Previously I blogged about Culture Date Shouldn't Be Considered Stable (Except for Invariant) but it may have led to confusion in a couple cases.  Specifically, a fallacy that strings are localized and therefore not a great way to store data.

It is fine to store data in a string if need be.  Oftentimes there are more efficient types, however strings offer features that other types don't, like plain text readability.  Lots of modern platforms require strings, like XML, json, etc.  Even simple numbers get spelled out as strings in those forms.

The "catch" with strings is to ensure that when you define some sort of string interchange mechanism that you're consistent about the formatting of those strings.  The C# & Windows "invariant" locale might be helpful to format some strings, though you have to make sure the standard you're using doesn't specify some other format.

For example, numbers can be formatted in various locales as "- 123,456.12", "-1,23,456.12", "123 456,12 -", "-123456.12", etc.  They could even use alternate number systems like "- १,२३,४५६.१२".  Some might require bidi formatting marks to ensure proper visual ordering in bidirectional applications.  All of these variations can make it quite difficult for a computer to parse these kinds of numeric strings - when written for humans.

Even with a wide range of human formats, computers can still use strings to exchange numbers.  The trick is to merely ensure that a consistent format is used.  For numbers it is common to use a period . as a decimal indicator and a hyphen before the string as a negative sign.  Knowing the required formats, machines can easily format the correct string for transmission and parse that string when consuming the data.

Although I'd recommend the common - . system for numbers, other consistent formats could be used -- so long as all endpoints of the data stream agree on the format.  If you choose to use less common formats, ensure that all consumers are aware of the protocol you are defining and that they format and parse the data specifically for that format.

Some types are more complicated.  Dates and times have more information than a simple number and conventions for month or day first vary by locale.  ISO formats are commonly used in computing systems, and I'd recommend using those.  Special care is needed to communicate time zone information as the time zones themselves can change.  UTC offset can be explicit for a specific point in time, but a reoccurring meeting would need to allow the recipient to recognize that daylight savings rules might be needed for future meetings.

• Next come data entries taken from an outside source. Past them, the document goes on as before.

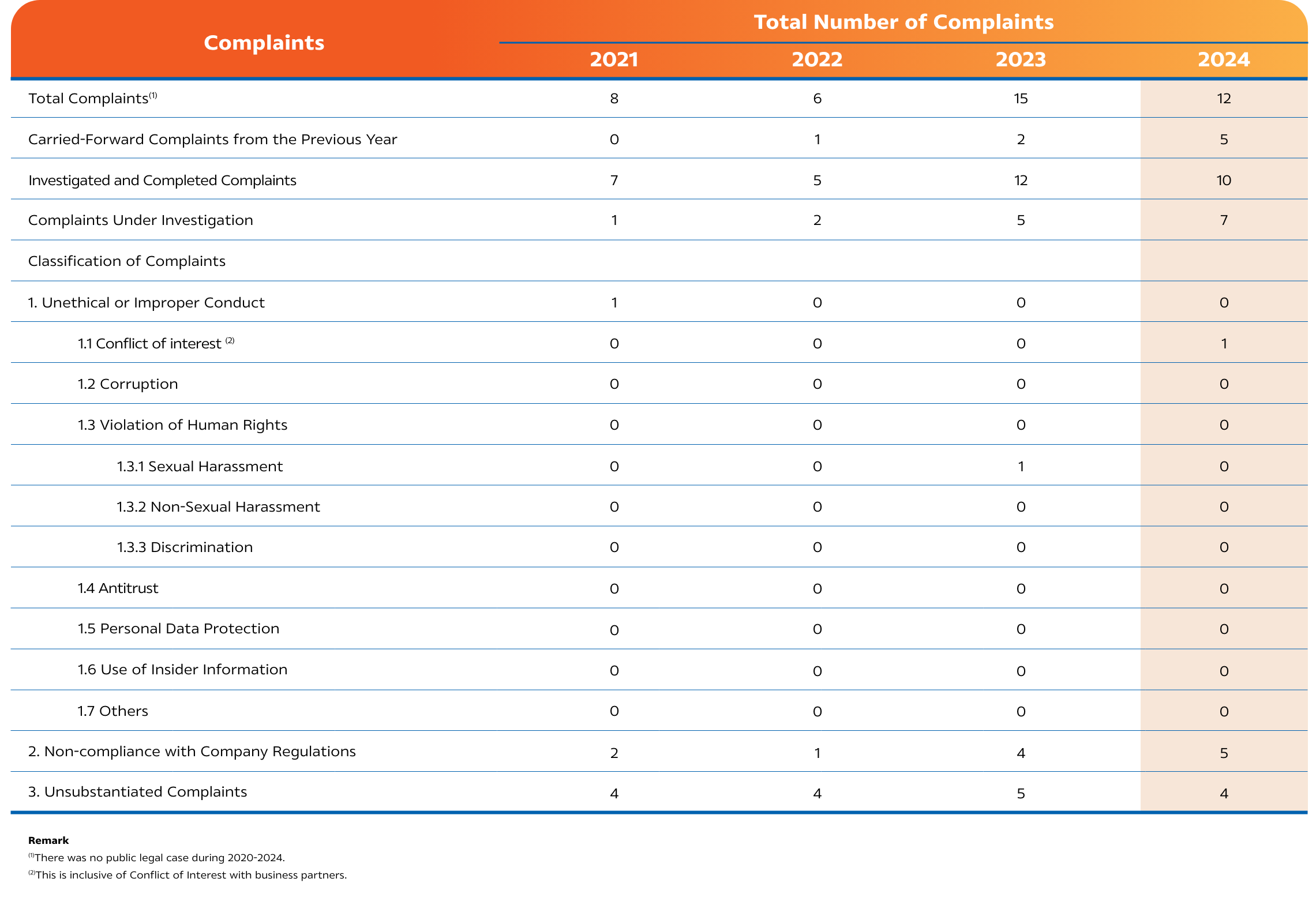 In 2024, there were cases involving non-compliance with laws, SCGP’s regulations, the Anti-Corruption Policy, the Corporate Governance Policy, SCGP’s Four Core Values, the Code of the Conduct or Supplier Code of Conduct as stated below: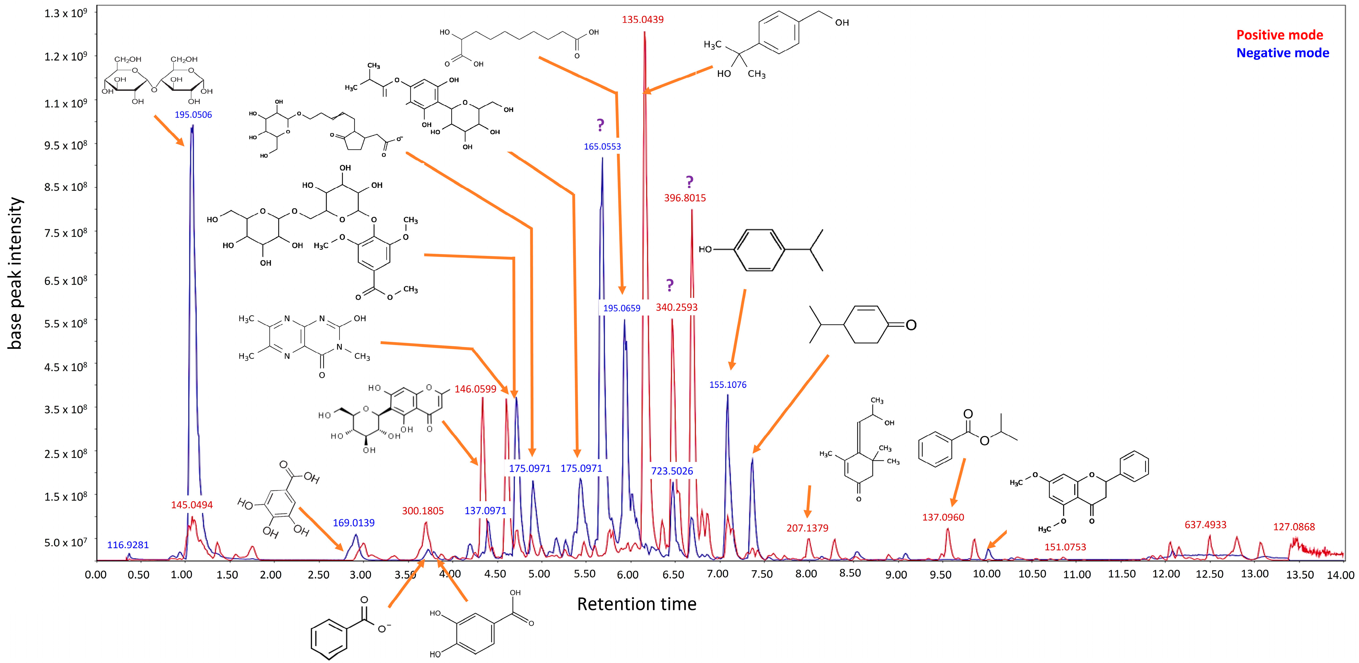 Scheme 1). This process eliminated major sugars and highly polar compounds, allowing us to concentrate on secondary metabolites. Our analysis revealed that the ingredient contains organic and phenolic acids and their derivatives, monoterpenoids, and carbohydrates.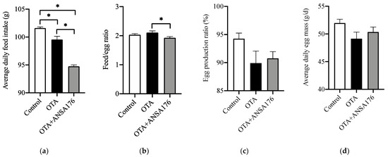 Effects of OTA and ANSA176 on production performance of layers. (a) Average daily feed intake. (b) Feed/egg ratio. (c) Egg production ratio. (d) Average daily egg mass. Data are presented as means ± SEM. The differences are defined as * p < 0.05.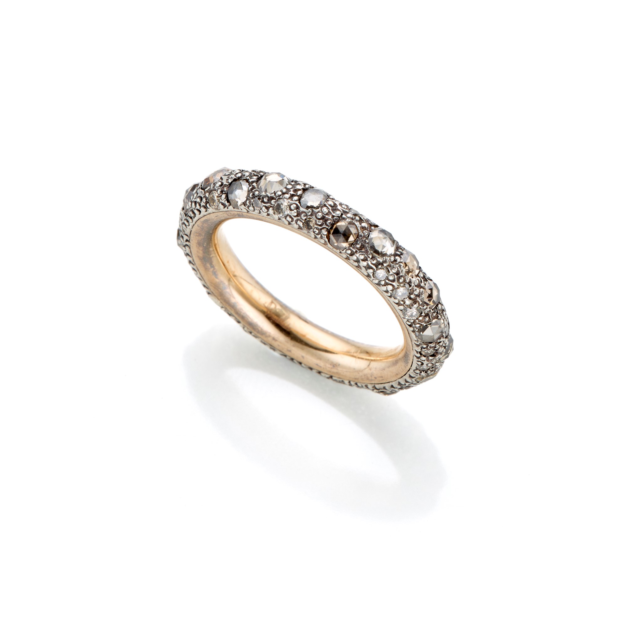 Anello fimato Pomellato, collezione Tango, in oro giallo 18 Kt e argento con diamanti mezza rosetta fancy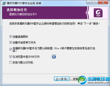 D) 在弹出的对话框中,可自定义勾选安装时自动执行的任务,然后点击“安装”开始安装。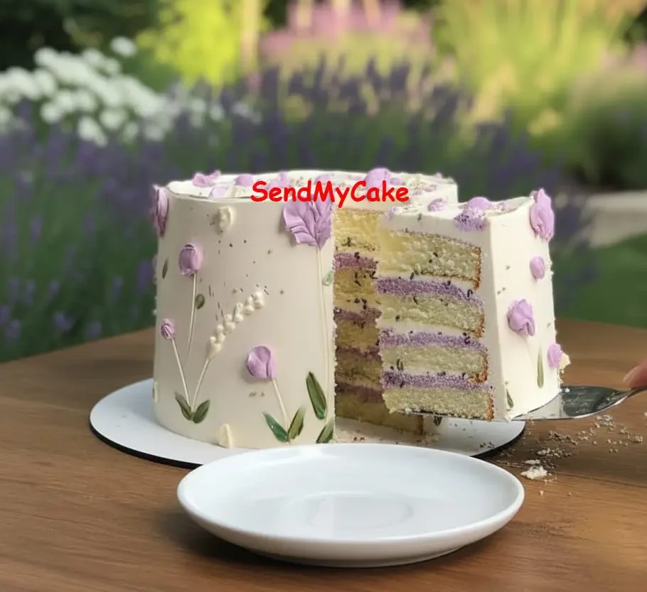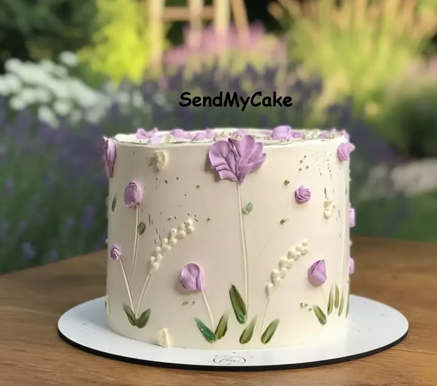 This artistic single-tier cake features a smooth off-white cream base, beautifully hand-painted with delicate lavender-colored petals and greenery. Textured buttercream accents create a whimsical meadow effect, making it a perfect choice for elegant birthdays, garden parties, or intimate celebrations. This 100% eggless cake is baked fresh to order and provides a sophisticated, minimalist aesthetic.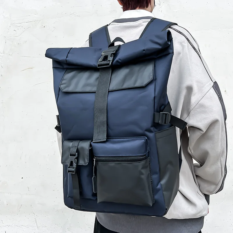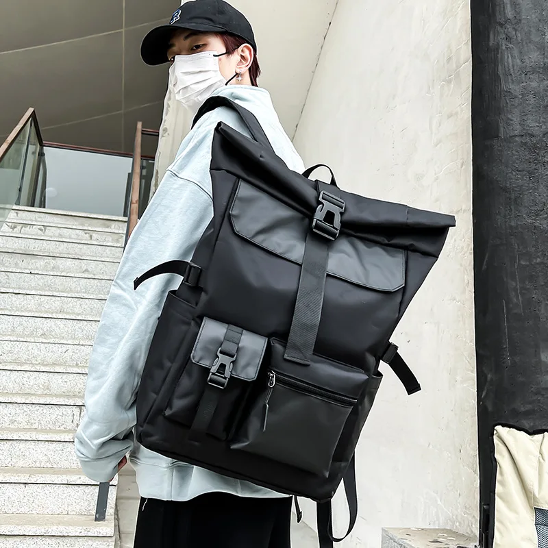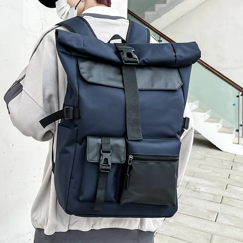 Men's Korean Style New Roll Top Casual Sports Backpack Trendy Waterproof Travel Laptop Backpack for Outdoor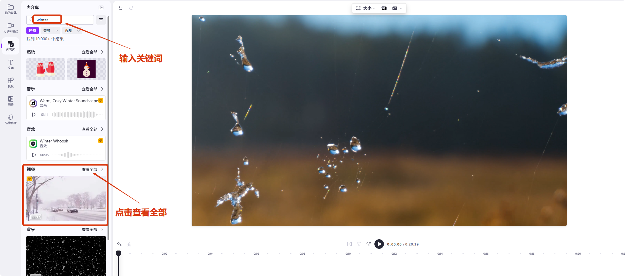 添加BGM: 在“内容库”的音频栏,找一首轻音乐,将音量调低至合适,以免盖过人声。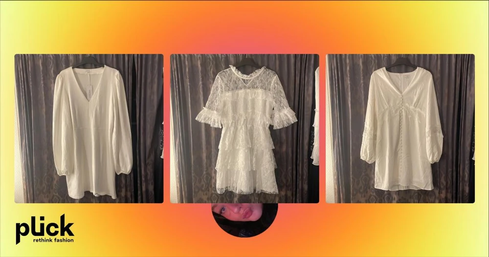 Vit v-ringad klänning från Stradivarius - Säljer en stilren vit klänning från Bubbelroom med v-ringning och långa puffärmar. Klänningen har en enkel, elegant design och är tillverkad i ett mjukt material som ger en fin passform. Perfekt för dig som gillar minimalistisk stil.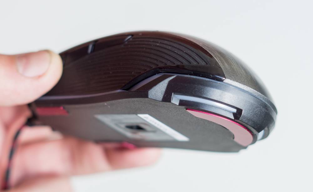 Ножки у мыши металлические, и это одна из ключевых особенностей, которые нужно учитывать при покупке. Я тестировал A4Tech Bloody P93 на старом тканевом коврике, и это оказалось дурной затеей. Металл то и дело цеплялся за неровности ворсистой поверхности и мешал плавному передвижению мыши и точному прицеливанию. А вот после перехода на пластиковую поверхность работать становится очень легко и приятно.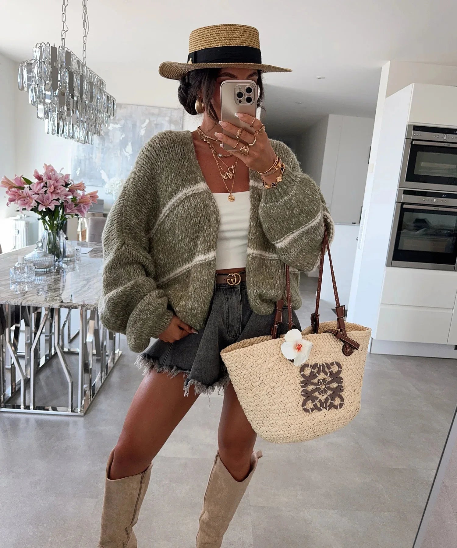 - Streifenmuster und grobes Garn schaffen eine zeitgemäße Optik, die zu Jeans, Röcken oder Kleidern kombiniert werden kann.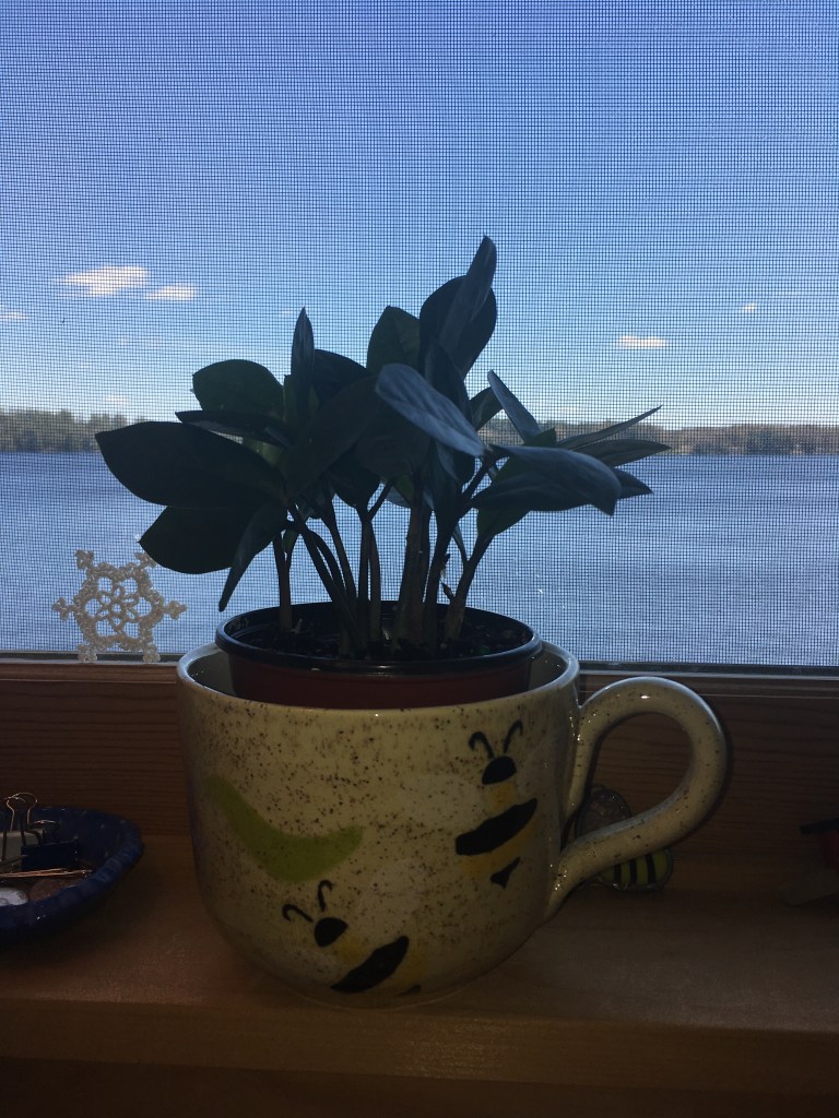 I have a new plant baby, a ZZ plant, in my atelier! I bought this for my hubby back in the wintertime thinking he’d like a plant in his studio space which is on our third floor. He was concerned that it would die up there because he’d forget to water it. So, since then, it’s been living in our living room with all the other plants and I’ve been taking care of it. This morning, I decided to take it up to my studio where I can enjoy it and it’s something green and alive.

Currency data is another case where additional information is needed.  You can't just format a human readable "$123.00" as many currencies use the $ as their currency symbol.  Additional challenges around revaluations, changing symbols and other interesting currency behavior means that most of the human appropriate currency formatting APIs are particularly bad.  Bank codes are stable and can be used as an identifier for the currency itself, while the numeric value can be transmitted as a number, like in the previous example.  It is common to transmit a <value>12.34</value> and <currency>USD</currency> though they could be combined "-12.34USD" so long as all endpoints agree to the protocol.

No matter what format is chosen, locale/language based formatting and parsing operations should NEVER be used.  It is possible that you can find one or more languages that appear to generate the formats you specify, however you have no control over spelling reforms or other variations, including customization of data by the user or machine administrator.  When formatting data for string interchange, always use explicit formats and don't use APIs intended for human consumption or otherwise could vary.

Testing for these protocols should ensure that the data is still readable when the user's language changes.  An easy application mistake to make would be to format the string using locale-sensitive APIs by a developer that happens to use a language that generates that localized format, or has user preferences that happen to match the standard.